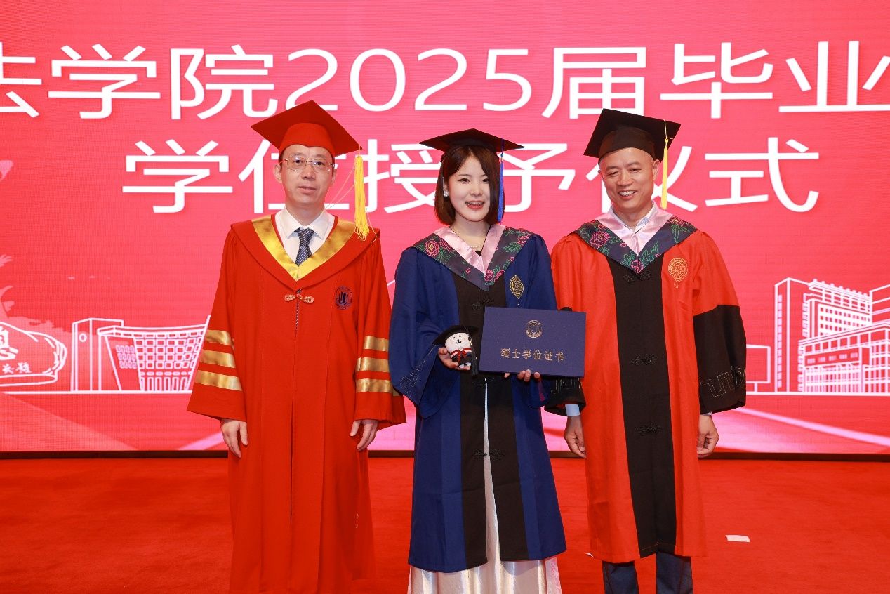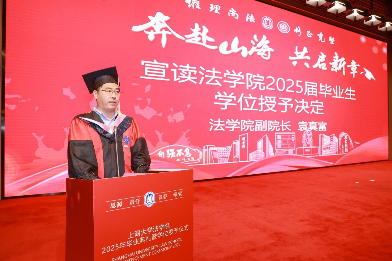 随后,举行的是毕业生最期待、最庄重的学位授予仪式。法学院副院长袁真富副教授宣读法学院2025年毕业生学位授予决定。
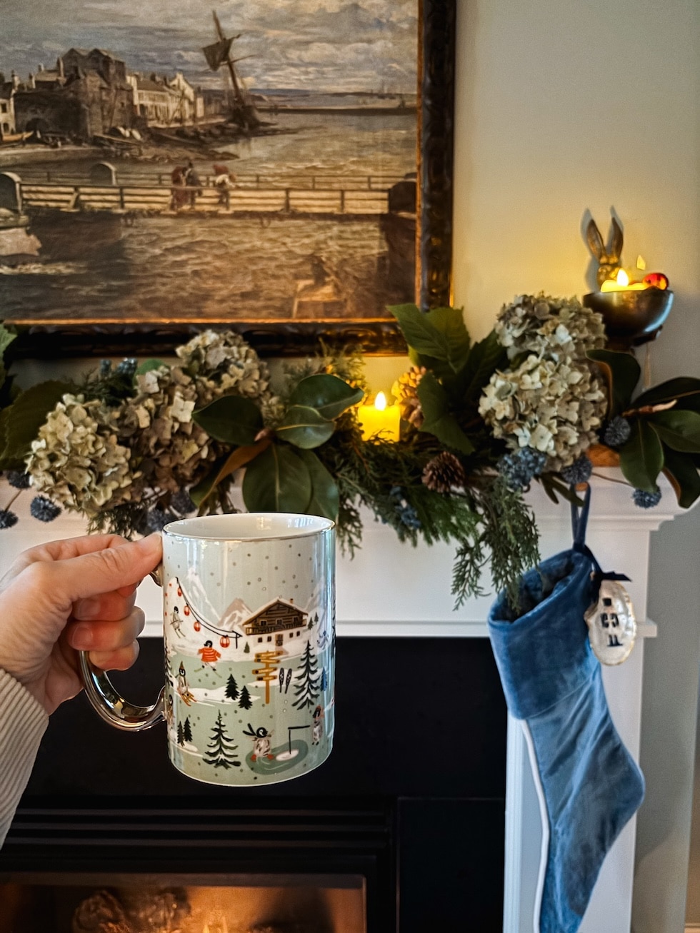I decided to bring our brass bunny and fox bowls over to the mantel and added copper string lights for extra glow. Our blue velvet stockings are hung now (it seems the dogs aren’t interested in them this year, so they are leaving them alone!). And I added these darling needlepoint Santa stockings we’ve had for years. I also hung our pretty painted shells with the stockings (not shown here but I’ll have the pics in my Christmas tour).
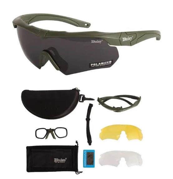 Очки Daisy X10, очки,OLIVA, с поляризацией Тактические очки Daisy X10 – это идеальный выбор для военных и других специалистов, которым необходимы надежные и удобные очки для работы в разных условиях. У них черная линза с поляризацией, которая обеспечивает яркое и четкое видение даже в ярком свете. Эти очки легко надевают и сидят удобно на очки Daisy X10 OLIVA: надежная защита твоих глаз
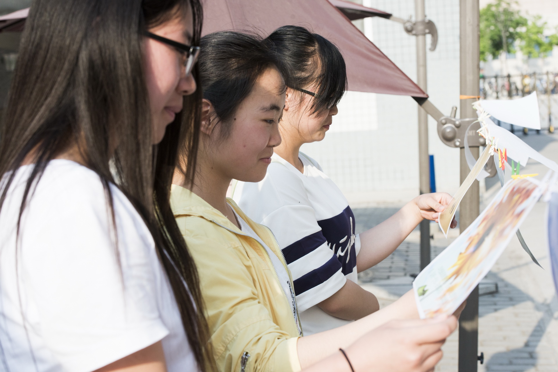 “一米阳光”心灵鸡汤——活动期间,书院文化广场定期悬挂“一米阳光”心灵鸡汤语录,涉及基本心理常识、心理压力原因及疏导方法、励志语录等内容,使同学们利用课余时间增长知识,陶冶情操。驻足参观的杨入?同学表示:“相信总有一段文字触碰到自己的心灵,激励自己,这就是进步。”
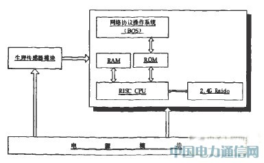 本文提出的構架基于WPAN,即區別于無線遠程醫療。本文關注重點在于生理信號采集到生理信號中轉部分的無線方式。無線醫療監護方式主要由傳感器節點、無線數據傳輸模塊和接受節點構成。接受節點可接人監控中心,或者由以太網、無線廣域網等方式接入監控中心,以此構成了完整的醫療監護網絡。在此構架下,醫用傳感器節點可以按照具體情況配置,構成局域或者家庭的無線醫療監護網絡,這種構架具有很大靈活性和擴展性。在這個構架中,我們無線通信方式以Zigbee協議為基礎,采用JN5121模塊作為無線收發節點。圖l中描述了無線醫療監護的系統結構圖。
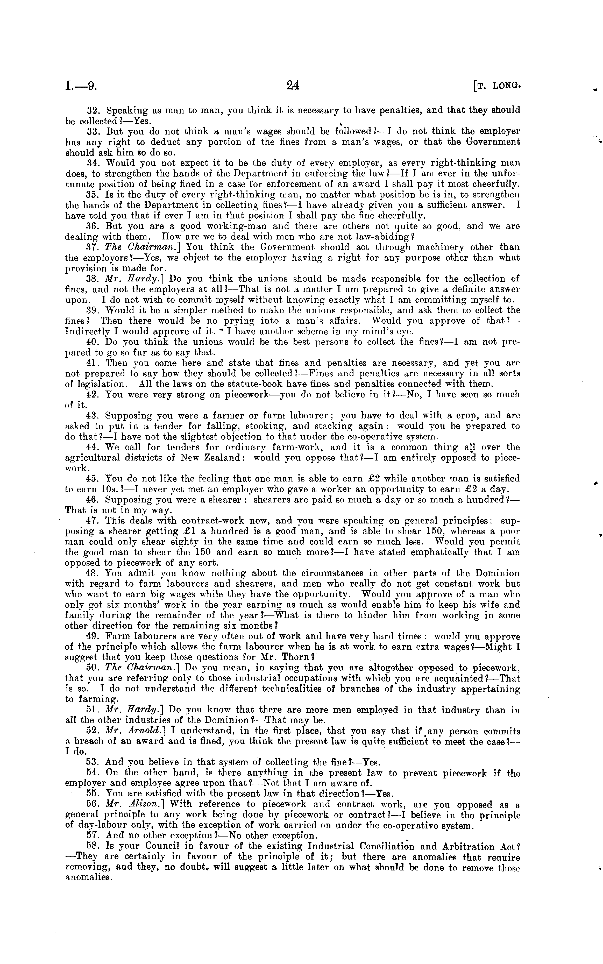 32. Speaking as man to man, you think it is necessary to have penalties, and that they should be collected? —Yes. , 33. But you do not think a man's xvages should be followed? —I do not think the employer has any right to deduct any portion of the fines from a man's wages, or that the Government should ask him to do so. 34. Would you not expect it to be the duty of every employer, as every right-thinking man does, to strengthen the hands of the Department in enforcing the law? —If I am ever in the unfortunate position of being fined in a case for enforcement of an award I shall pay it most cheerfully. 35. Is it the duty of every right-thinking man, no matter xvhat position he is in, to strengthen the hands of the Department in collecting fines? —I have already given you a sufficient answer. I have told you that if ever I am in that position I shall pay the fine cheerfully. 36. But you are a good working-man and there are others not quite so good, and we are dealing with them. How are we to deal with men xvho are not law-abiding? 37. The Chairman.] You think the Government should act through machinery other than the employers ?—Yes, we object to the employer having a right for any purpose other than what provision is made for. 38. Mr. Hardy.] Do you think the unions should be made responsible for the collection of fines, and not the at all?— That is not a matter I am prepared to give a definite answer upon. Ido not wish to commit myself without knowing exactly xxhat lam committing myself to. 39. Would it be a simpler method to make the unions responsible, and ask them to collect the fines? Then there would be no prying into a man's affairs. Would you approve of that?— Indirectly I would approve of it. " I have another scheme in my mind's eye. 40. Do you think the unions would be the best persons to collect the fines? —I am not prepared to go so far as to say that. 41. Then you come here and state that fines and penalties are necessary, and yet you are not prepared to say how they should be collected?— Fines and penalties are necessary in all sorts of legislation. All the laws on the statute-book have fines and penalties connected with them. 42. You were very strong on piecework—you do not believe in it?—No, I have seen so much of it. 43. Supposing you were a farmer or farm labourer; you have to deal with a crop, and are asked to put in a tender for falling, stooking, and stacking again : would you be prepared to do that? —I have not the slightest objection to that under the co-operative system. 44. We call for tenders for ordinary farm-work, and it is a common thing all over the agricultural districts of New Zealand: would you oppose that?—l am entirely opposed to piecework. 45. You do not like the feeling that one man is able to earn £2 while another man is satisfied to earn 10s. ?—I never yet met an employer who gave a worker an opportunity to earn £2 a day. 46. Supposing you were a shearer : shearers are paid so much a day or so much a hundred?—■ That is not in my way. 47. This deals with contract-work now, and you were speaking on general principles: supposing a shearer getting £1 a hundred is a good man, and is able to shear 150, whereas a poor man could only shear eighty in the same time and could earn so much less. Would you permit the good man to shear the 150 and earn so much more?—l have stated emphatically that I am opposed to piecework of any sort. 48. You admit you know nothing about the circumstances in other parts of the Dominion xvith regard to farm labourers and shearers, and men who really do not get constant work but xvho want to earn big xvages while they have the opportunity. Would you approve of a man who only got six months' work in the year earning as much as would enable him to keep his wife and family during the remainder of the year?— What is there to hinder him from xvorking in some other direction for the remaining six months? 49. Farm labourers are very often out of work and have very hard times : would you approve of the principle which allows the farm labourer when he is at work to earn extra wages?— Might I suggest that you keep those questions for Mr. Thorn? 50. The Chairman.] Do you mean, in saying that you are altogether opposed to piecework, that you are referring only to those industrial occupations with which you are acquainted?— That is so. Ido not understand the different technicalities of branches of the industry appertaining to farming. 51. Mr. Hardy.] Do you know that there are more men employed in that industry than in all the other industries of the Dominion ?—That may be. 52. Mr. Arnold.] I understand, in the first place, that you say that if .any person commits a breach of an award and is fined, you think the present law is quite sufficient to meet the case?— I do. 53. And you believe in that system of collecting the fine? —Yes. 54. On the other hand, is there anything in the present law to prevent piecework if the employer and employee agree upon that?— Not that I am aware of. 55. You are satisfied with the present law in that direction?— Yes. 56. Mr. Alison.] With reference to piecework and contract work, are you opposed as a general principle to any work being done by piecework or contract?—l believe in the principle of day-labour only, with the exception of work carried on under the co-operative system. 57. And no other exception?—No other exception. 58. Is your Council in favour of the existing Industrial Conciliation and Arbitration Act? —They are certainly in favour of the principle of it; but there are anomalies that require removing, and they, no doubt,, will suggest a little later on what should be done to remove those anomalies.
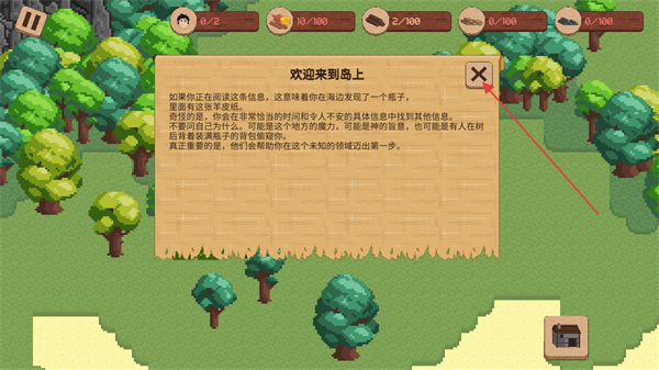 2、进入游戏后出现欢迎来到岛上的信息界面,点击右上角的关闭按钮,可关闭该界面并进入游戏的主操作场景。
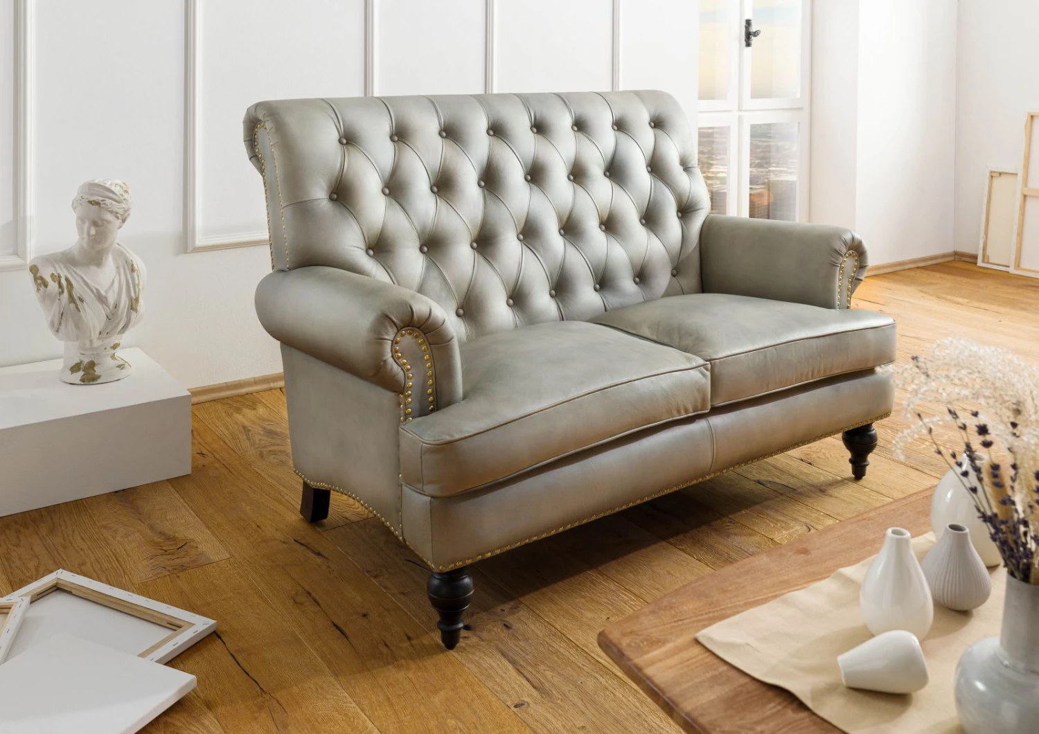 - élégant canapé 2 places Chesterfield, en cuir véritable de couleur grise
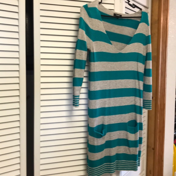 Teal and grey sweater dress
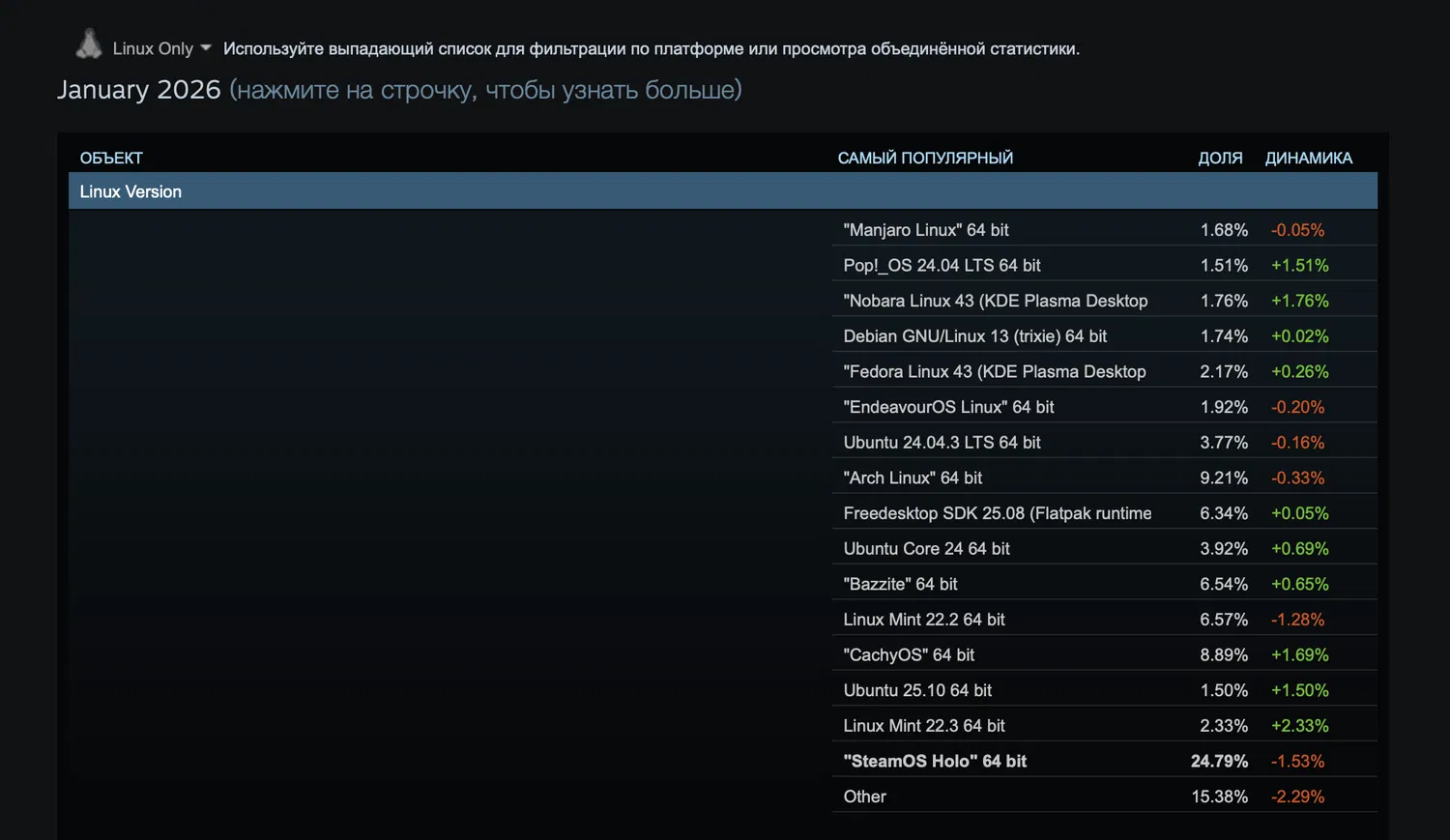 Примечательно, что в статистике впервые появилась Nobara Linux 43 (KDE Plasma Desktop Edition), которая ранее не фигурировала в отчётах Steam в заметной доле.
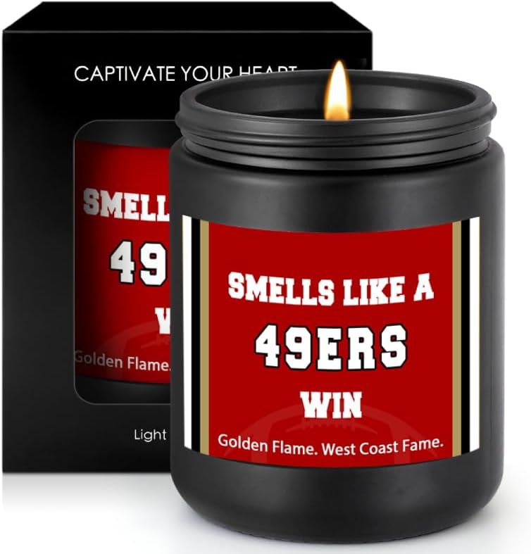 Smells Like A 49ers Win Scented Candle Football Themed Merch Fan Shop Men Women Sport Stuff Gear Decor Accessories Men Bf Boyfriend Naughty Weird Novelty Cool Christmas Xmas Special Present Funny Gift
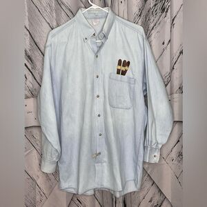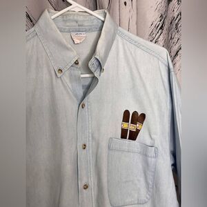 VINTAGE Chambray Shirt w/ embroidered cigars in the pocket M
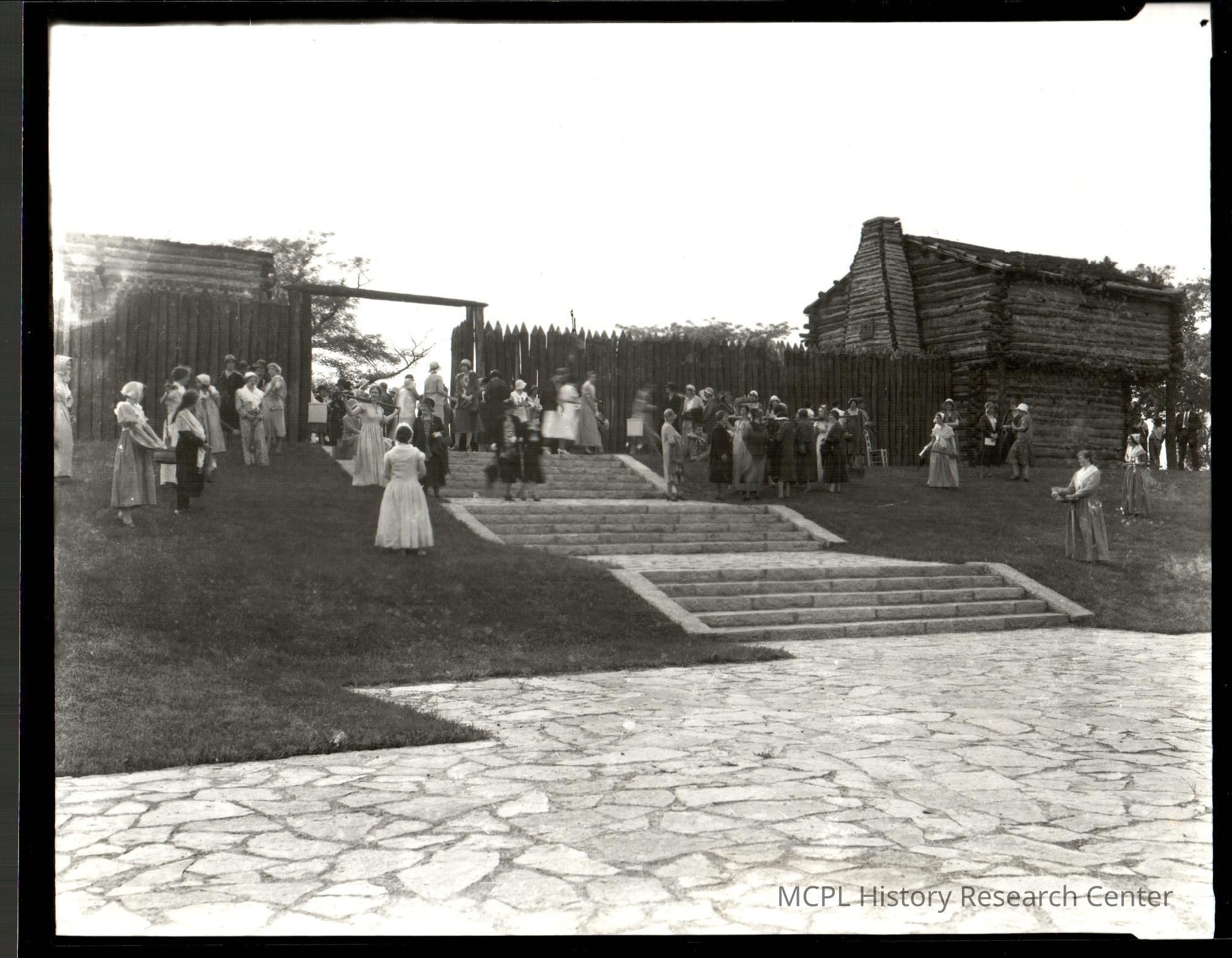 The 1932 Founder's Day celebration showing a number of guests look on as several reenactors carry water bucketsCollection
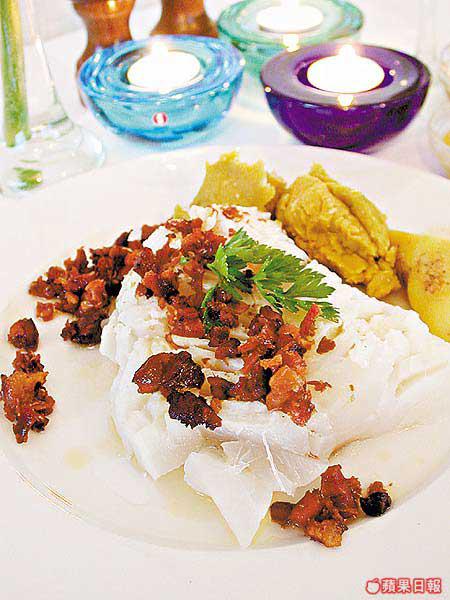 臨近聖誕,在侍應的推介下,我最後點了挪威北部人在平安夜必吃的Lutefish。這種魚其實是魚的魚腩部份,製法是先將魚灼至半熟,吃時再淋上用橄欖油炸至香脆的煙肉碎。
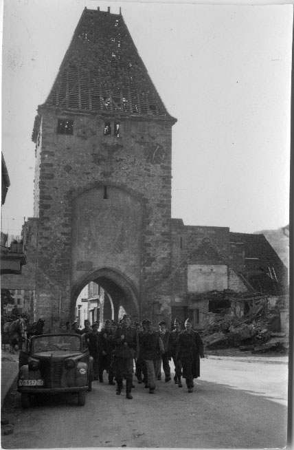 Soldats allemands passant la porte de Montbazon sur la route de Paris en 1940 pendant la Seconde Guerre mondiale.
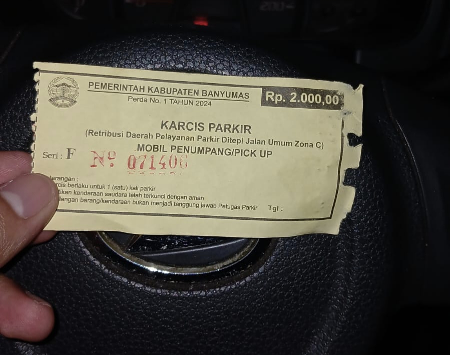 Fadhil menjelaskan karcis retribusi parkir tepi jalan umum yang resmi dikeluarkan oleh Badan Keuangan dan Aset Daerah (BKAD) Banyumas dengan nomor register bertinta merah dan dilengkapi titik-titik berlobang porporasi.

::::::::

» Problem description: Could you transcribe exactly the lines running from the one with "Soldats allemands passant" to the final line of the material above, both included, with no pictures?

» Finished task:
 Soldats allemands passant la porte de Montbazon sur la route de Paris en 1940 pendant la Seconde Guerre mondiale.
 Fadhil menjelaskan karcis retribusi parkir tepi jalan umum yang resmi dikeluarkan oleh Badan Keuangan dan Aset Daerah (BKAD) Banyumas dengan nomor register bertinta merah dan dilengkapi titik-titik berlobang porporasi.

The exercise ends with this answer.